(Saved entries)
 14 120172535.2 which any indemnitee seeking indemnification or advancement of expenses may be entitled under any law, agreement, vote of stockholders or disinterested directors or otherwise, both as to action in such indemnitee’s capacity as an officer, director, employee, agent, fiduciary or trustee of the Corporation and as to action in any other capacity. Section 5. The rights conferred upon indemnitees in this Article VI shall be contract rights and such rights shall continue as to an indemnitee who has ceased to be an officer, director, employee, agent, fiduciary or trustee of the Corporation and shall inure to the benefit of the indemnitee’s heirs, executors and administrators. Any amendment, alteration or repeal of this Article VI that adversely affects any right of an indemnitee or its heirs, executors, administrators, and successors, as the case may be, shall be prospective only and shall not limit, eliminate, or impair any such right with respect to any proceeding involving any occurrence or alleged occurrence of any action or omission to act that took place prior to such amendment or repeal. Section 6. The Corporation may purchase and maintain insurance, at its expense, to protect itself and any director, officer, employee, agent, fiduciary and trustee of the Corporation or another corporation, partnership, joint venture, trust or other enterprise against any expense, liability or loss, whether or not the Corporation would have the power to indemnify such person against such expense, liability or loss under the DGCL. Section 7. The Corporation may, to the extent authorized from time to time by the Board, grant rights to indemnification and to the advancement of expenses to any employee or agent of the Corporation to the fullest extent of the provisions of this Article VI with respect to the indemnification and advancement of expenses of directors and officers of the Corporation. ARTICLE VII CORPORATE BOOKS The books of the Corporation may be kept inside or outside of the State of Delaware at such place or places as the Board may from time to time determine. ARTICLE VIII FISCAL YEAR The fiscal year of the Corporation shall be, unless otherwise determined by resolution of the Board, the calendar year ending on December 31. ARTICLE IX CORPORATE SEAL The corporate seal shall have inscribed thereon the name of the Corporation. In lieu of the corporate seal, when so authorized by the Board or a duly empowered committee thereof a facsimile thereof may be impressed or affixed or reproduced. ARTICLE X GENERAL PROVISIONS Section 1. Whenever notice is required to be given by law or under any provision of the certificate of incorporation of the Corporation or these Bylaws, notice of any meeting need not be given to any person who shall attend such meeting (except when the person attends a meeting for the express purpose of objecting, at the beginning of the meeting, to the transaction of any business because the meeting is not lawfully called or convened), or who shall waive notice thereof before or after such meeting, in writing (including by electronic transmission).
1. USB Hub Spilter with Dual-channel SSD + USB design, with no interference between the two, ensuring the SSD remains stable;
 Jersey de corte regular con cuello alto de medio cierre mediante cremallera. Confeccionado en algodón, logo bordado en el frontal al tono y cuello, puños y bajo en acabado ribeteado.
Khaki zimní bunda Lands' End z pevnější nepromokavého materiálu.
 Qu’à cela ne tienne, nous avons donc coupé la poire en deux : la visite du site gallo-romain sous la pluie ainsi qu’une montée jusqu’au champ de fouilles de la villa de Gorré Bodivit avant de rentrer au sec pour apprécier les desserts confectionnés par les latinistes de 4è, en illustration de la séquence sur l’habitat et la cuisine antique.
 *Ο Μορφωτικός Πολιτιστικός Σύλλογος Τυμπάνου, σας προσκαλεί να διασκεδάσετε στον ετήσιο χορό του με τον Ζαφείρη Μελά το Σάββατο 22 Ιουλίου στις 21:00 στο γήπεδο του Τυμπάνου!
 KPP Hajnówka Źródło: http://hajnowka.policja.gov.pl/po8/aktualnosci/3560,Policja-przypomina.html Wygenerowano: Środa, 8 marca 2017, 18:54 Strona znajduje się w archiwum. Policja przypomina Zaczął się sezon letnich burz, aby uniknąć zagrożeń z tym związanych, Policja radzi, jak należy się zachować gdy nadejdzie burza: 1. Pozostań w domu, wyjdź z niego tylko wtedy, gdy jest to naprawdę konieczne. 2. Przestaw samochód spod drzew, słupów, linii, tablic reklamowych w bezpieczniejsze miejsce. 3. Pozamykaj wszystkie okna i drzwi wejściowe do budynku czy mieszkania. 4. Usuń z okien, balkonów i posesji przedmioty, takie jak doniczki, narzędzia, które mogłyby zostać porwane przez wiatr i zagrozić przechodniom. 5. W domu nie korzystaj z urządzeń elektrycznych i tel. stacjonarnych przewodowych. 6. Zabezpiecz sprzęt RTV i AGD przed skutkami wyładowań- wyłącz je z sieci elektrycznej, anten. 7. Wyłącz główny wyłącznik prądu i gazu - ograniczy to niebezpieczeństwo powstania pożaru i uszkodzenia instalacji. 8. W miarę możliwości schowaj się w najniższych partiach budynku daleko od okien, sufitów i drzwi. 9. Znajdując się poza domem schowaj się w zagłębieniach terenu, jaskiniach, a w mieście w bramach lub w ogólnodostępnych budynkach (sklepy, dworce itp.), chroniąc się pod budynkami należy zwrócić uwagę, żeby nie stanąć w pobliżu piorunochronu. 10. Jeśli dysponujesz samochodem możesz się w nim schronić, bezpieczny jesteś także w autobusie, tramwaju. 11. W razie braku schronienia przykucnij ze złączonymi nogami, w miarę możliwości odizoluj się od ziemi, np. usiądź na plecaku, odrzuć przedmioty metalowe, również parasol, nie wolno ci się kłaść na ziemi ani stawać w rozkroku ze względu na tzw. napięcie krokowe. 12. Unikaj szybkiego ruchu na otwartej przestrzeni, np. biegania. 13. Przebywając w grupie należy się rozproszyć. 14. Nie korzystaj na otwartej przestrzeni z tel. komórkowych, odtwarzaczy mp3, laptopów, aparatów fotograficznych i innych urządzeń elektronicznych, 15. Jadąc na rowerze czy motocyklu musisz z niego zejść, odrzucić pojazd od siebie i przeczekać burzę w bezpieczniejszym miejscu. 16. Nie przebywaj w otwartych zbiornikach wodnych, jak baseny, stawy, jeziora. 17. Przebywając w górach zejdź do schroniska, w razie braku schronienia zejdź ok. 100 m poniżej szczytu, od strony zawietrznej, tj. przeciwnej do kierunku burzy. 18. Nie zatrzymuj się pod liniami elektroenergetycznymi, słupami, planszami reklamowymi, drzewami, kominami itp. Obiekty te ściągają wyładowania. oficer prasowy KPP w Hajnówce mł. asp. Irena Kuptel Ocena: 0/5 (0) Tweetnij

How to complete this task ->
Using the same words as the original, repeat the records above.

Solution to this problem ->
 14 120172535.2 which any indemnitee seeking indemnification or advancement of expenses may be entitled under any law, agreement, vote of stockholders or disinterested directors or otherwise, both as to action in such indemnitee’s capacity as an officer, director, employee, agent, fiduciary or trustee of the Corporation and as to action in any other capacity. Section 5. The rights conferred upon indemnitees in this Article VI shall be contract rights and such rights shall continue as to an indemnitee who has ceased to be an officer, director, employee, agent, fiduciary or trustee of the Corporation and shall inure to the benefit of the indemnitee’s heirs, executors and administrators. Any amendment, alteration or repeal of this Article VI that adversely affects any right of an indemnitee or its heirs, executors, administrators, and successors, as the case may be, shall be prospective only and shall not limit, eliminate, or impair any such right with respect to any proceeding involving any occurrence or alleged occurrence of any action or omission to act that took place prior to such amendment or repeal. Section 6. The Corporation may purchase and maintain insurance, at its expense, to protect itself and any director, officer, employee, agent, fiduciary and trustee of the Corporation or another corporation, partnership, joint venture, trust or other enterprise against any expense, liability or loss, whether or not the Corporation would have the power to indemnify such person against such expense, liability or loss under the DGCL. Section 7. The Corporation may, to the extent authorized from time to time by the Board, grant rights to indemnification and to the advancement of expenses to any employee or agent of the Corporation to the fullest extent of the provisions of this Article VI with respect to the indemnification and advancement of expenses of directors and officers of the Corporation. ARTICLE VII CORPORATE BOOKS The books of the Corporation may be kept inside or outside of the State of Delaware at such place or places as the Board may from time to time determine. ARTICLE VIII FISCAL YEAR The fiscal year of the Corporation shall be, unless otherwise determined by resolution of the Board, the calendar year ending on December 31. ARTICLE IX CORPORATE SEAL The corporate seal shall have inscribed thereon the name of the Corporation. In lieu of the corporate seal, when so authorized by the Board or a duly empowered committee thereof a facsimile thereof may be impressed or affixed or reproduced. ARTICLE X GENERAL PROVISIONS Section 1. Whenever notice is required to be given by law or under any provision of the certificate of incorporation of the Corporation or these Bylaws, notice of any meeting need not be given to any person who shall attend such meeting (except when the person attends a meeting for the express purpose of objecting, at the beginning of the meeting, to the transaction of any business because the meeting is not lawfully called or convened), or who shall waive notice thereof before or after such meeting, in writing (including by electronic transmission).
1. USB Hub Spilter with Dual-channel SSD + USB design, with no interference between the two, ensuring the SSD remains stable;
 Jersey de corte regular con cuello alto de medio cierre mediante cremallera. Confeccionado en algodón, logo bordado en el frontal al tono y cuello, puños y bajo en acabado ribeteado.
Khaki zimní bunda Lands' End z pevnější nepromokavého materiálu.
 Qu’à cela ne tienne, nous avons donc coupé la poire en deux : la visite du site gallo-romain sous la pluie ainsi qu’une montée jusqu’au champ de fouilles de la villa de Gorré Bodivit avant de rentrer au sec pour apprécier les desserts confectionnés par les latinistes de 4è, en illustration de la séquence sur l’habitat et la cuisine antique.
 *Ο Μορφωτικός Πολιτιστικός Σύλλογος Τυμπάνου, σας προσκαλεί να διασκεδάσετε στον ετήσιο χορό του με τον Ζαφείρη Μελά το Σάββατο 22 Ιουλίου στις 21:00 στο γήπεδο του Τυμπάνου!
 KPP Hajnówka Źródło: http://hajnowka.policja.gov.pl/po8/aktualnosci/3560,Policja-przypomina.html Wygenerowano: Środa, 8 marca 2017, 18:54 Strona znajduje się w archiwum. Policja przypomina Zaczął się sezon letnich burz, aby uniknąć zagrożeń z tym związanych, Policja radzi, jak należy się zachować gdy nadejdzie burza: 1. Pozostań w domu, wyjdź z niego tylko wtedy, gdy jest to naprawdę konieczne. 2. Przestaw samochód spod drzew, słupów, linii, tablic reklamowych w bezpieczniejsze miejsce. 3. Pozamykaj wszystkie okna i drzwi wejściowe do budynku czy mieszkania. 4. Usuń z okien, balkonów i posesji przedmioty, takie jak doniczki, narzędzia, które mogłyby zostać porwane przez wiatr i zagrozić przechodniom. 5. W domu nie korzystaj z urządzeń elektrycznych i tel. stacjonarnych przewodowych. 6. Zabezpiecz sprzęt RTV i AGD przed skutkami wyładowań- wyłącz je z sieci elektrycznej, anten. 7. Wyłącz główny wyłącznik prądu i gazu - ograniczy to niebezpieczeństwo powstania pożaru i uszkodzenia instalacji. 8. W miarę możliwości schowaj się w najniższych partiach budynku daleko od okien, sufitów i drzwi. 9. Znajdując się poza domem schowaj się w zagłębieniach terenu, jaskiniach, a w mieście w bramach lub w ogólnodostępnych budynkach (sklepy, dworce itp.), chroniąc się pod budynkami należy zwrócić uwagę, żeby nie stanąć w pobliżu piorunochronu. 10. Jeśli dysponujesz samochodem możesz się w nim schronić, bezpieczny jesteś także w autobusie, tramwaju. 11. W razie braku schronienia przykucnij ze złączonymi nogami, w miarę możliwości odizoluj się od ziemi, np. usiądź na plecaku, odrzuć przedmioty metalowe, również parasol, nie wolno ci się kłaść na ziemi ani stawać w rozkroku ze względu na tzw. napięcie krokowe. 12. Unikaj szybkiego ruchu na otwartej przestrzeni, np. biegania. 13. Przebywając w grupie należy się rozproszyć. 14. Nie korzystaj na otwartej przestrzeni z tel. komórkowych, odtwarzaczy mp3, laptopów, aparatów fotograficznych i innych urządzeń elektronicznych, 15. Jadąc na rowerze czy motocyklu musisz z niego zejść, odrzucić pojazd od siebie i przeczekać burzę w bezpieczniejszym miejscu. 16. Nie przebywaj w otwartych zbiornikach wodnych, jak baseny, stawy, jeziora. 17. Przebywając w górach zejdź do schroniska, w razie braku schronienia zejdź ok. 100 m poniżej szczytu, od strony zawietrznej, tj. przeciwnej do kierunku burzy. 18. Nie zatrzymuj się pod liniami elektroenergetycznymi, słupami, planszami reklamowymi, drzewami, kominami itp. Obiekty te ściągają wyładowania. oficer prasowy KPP w Hajnówce mł. asp. Irena Kuptel Ocena: 0/5 (0) Tweetnij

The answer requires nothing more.